Using Terraform to Deploy EMQX MQTT Broker
Table of Contents
Introduction
Modern IoT applications require real-time and efficient communication protocols to manage the constant data flow between devices. One such protocol, MQTT (Message Queuing Telemetry Transport), has gained significant popularity in the IoT landscape due to its lightweight, low bandwidth, and high-performance capabilities.
This blog post will discuss deploying your MQTT infrastructure using EMQX - a highly scalable MQTT broker, and Terraform - an Infrastructure as Code (IaC) tool.
EMQX and Terraform
EMQX is an open-source distributed MQTT broker that provides robust and scalable messaging services. It can handle millions of concurrent MQTT connections and is optimized for performance, making it a perfect choice for IoT deployments.
Terraform is an IaC tool that defines, provides, and manages cloud infrastructure using a declarative language. By adopting Terraform in your MQTT deployments, you can:
- Simplify infrastructure management
- Ensure consistency across environments
- Accelerate deployment times
- Reduce manual errors
- Enhance collaboration between team members
Standardize Deployment Workflow
To deploy infrastructure with Terraform, you need to:
- Scope - Identify the infrastructure for your project.
- Author - Write the configuration for your infrastructure.
- Initialize - Install the plugins Terraform needs to manage the infrastructure.
- Plan - Preview the changes Terraform will make to match your configuration.

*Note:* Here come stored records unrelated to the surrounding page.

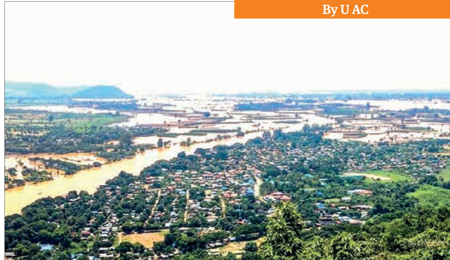
The eastern side of Nay Pyi Taw's greater region was submerged in water, a fact totally unheard of in the past. Photo taken on 16 September 2024 shows a flooded area in Nay Pyi Taw, Myanmar.

landslides and buries people and houses altogether. Our favourite destination Inn Lay was not spared either. The accumulation of torrent waters from the mountains surrounding the famous lake, resulted in a significant rise in water levels across the lakes, causing the houses on stilts to collapse and even the floating farms to be swept away across the lake. Most of the houses are underwater now, with only the roofs being visible from afar.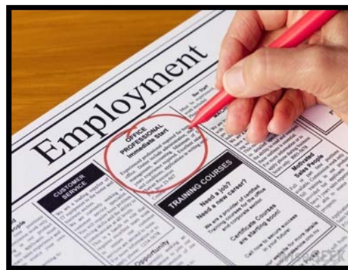
Figure 2.1.3: Another Example of Classified Advertising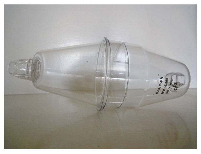
FIGURE 1. Asthm Yar.

The valved holding chamber devices used in this study were consistent with a polycarbonate volumatic (750 mL, Asthm Yar; Farafan Engineering Company, Tehran, Iran) (Fig. 1) and a polycarbonate nonvolumatic (140 mL, Dam Yar; Fanava Teb Espadana Co, Isfahan, Iran) (Fig. 2) valved holding chambers. Salbutamol 100 µg per dose pMDIs (Ventalex HFA, Sina Daru, Iran) was used with each valved holding chamber. The washing method was based on what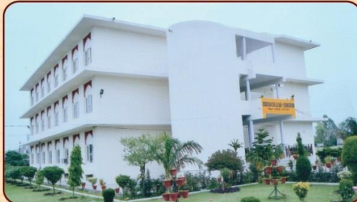
Vast campus with well maintained lawns and play grounds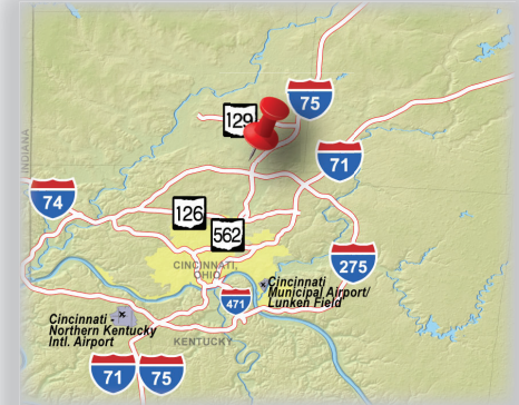
West Chester Retail Submarket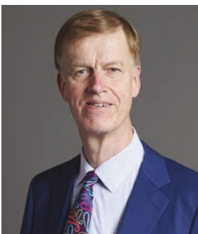
Sir Stephen Timms Co-chair of the Timms Review.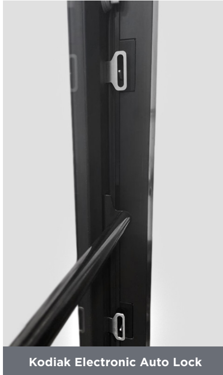
Kodiak Electronic Auto Lock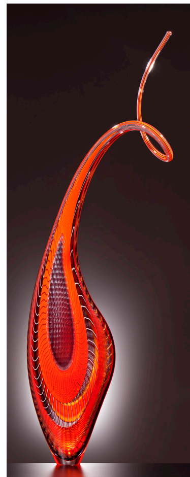
Lino Tagliapietra Dinosaur , 2011

The Glass Studio offers classes in flameworking and fusing. See our schedule of classes for details.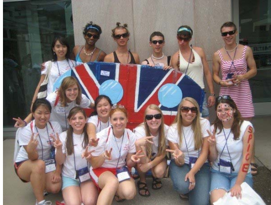
The spice girls and their adoring fans outside of General Assembly

The National convention this year was one of the best for Georgia ever! Held at the University of Tennessee during the last week of August, the 114 GJCL delegates boarded our two charter buses for the journey to Knoxville. Taking a break at Dollywood to enjoy the three roller coasters and endless redneck fun, we finally arrived at UT. The GJCL made a strong showing in many events, winning first in both Ultimate Frisbee (second year in a row!) and Ludi Soccer. In academic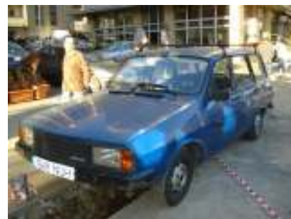
Parking is at a premium - so why not knock over some roadwork signs and park here!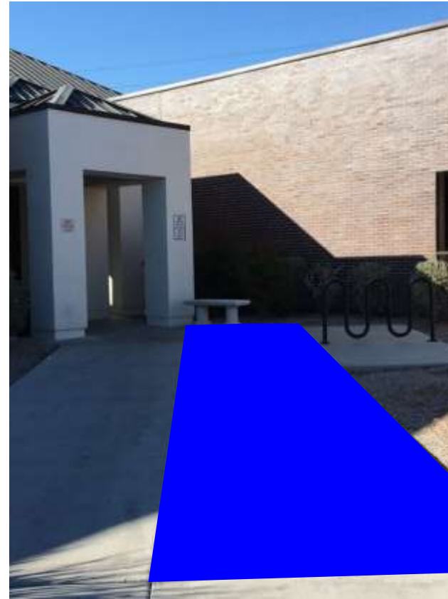
Area 2: Rear entrance near bike rack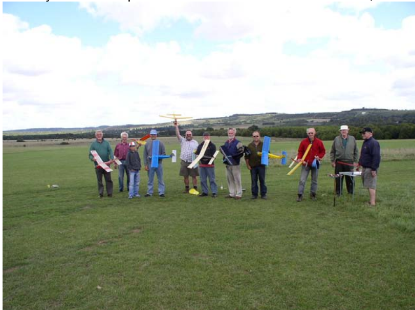
Tomboy 36 Fly-off

- Apply - Make the planned changes.
Terraform Quick Start
Configuration
Terraform Provider Configuration
The Terraform core program requires at least one provider to build anything.
You can manually configure which version(s) of a provider you would like to use. If you leave this option out, Terraform will default to the latest available version of the provider.
terraform {
required_providers {
google = {
source = "hashicorp/google"
version = "4.51.0"
}
}
}
provider "google" {
credentials = file("<NAME>.json")
project = "<PROJECT-ID>"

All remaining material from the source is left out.